4-Chloro-N-[2-(3,4-dimethoxyphenyl)-2-hydroxyethyl]butyramide (12). To a solution of 10 (1.14 g, 5.02 mmol) in MeOH (10 mL), palladium on carbon (500 mg) was added, and the reaction mixture was stirred at rt for 2 h under hydrogen atmosphere. Then the mixture was filtrated, and concentration of the filtrate afforded crude 11 as a colorless oil. The resulting oil was then dissolved in CHCl3 (10 mL), and to the solution triethylamine (1.0 mL, 6.9 mmol) and 4-chlorobutyric chloride (0.60 mL, 5.5 mmol) were added under ice-cooling. After stirring for 2 h at 0 °C, the reaction mixture was washed successively with 10% hydrochloric acid (10 mL x 2), saturated NaHCO3 aq (10 mL x 2) and brine (10 mL). The organic layer was dried and concentrated. Column chromatography (hexane : EtOAc = 4 : 1) of the residue afforded 12 as a pale yellow oil (1.409 g, 93%, 2 steps). 11: 1H NMR δ: 2.90–3.12 (2H, m), 3.76 (3H, s), 3.78 (3H, s), 4.81 (1H, brs), 5.29 (3H, brs), 6.70 (1H, d, J = 8.4), 6.79 (1H, d, J = 8.4), 6.89 (1H, s). 13C NMR δ: 47.7, 55.7, 55.7, 71.8, 109.1, 110.9, 117.9, 133.9, 148.4, 148.8. 12: 1H NMR δ: 2.08 (2H, tt, J = 6.2, 7.0), 2.36 (2H, t, J = 7.0), 3.33 (1H, ddd, J = 5.2, 8.0, 14.0), 3.56 (2H, t, J = 6.2), 3.64 (1H, ddd, J = 3.2, 6.8, 14.0), 3.88 (3H, s), 3.89 (3H, s), 4.76 (1H, dd, J = 3.2, 8.0), 6.22 (1H, brs), 6.82 (1H, d, J = 8.0), 6.87 (1H, d, J = 8.0), 6.91 (1H, s). 13C NMR δ: 28.0, 33.0, 44.3, 47.3, 55.8, 55.9, 73.1, 108.9, 111.0, 117.9, 134.3, 148.5, 149.0, 172.9. IR (CHCl3): 3345, 2940, 1647, 1597, 1516, 1466, 1261, 1219. FAB-MS m/z: 302 [M+H]+. HR-FAB-MS m/z: Calcd for C14H21ClNO4: 302.1159. Found 302.1165.

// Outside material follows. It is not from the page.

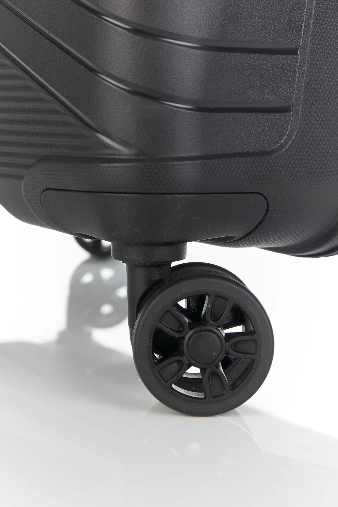 Constructed from durable polypropylene which can flex for better impact resistance, and with wrap-around grooves for absorbing shock. This suitcase is also outfitted with 360 degree dual-spinner wheels for smooth gliding and a water-repellent zip so you can travel anywhere without worry.

1-[2-(3,4-Dimethoxyphenyl)-2-hydroxyethyl]pyrrolidin-2-one (13). To a suspension of sodium hydride (160 mg, 4.0 mmol) in dry DMF (40 mL), a solution of 12 (1.0 g, 3.3 mmol) in dry DMF (10 mL) was added dropwise at 0 °C. After stirring for 2 h at 0 °C, the reaction was quenched with saturated ammonium chloride aq (20 mL), and the resulting mixture was extracted with EtOAc (20 mL x 3). Combined organic extracts were washed successively with water (20 mL x 3) and brine (20 mL), and dried. Concentration and column chromatography (hexane : EtOAc = 2 : 1) of the residue afforded 13 as a colorless solid (995 mg, 85%). For analytical purpose a small portion was recrystallized from hexane–EtOAc to give colorless crystals; mp 90–92 °C (lit.,22 90-91 °C). 1H NMR: δ: 1.99 (2H, m), 2.42 (2H, t, J = 7.4 Hz), 3.26 (1H, ddd, J = 6.8, 7.6, 9.6 Hz), 3.36 (1H, ddd, J = 6.8, 7.2, 9.6 Hz), 3.50 (1H, dd, J = 4.0, 14.4 Hz) , 3.56 (1H, dd, J = 7.2, 14.0 Hz), 3.88 (3H, s), 3.90 (3H, s), 4.00 (1H, brs), 4.92 (1H, brs), 6.84 (1H, d, J = 8.0 Hz), 6.89 (1H, d, J = 8.0 Hz), 6.96 (1H, s). 13C NMR δ: 18.4, 30.8, 49.5, 51.9, 55.9 (C x 2), 72.9, 108.9, 110.9, 118.0, 134.7, 148.5, 149.1, 177.1. IR (CHCl3): 3333, 1666, 1516, 1466, 1261, 1219. FAB-MS m/z: 266 [M+H]+.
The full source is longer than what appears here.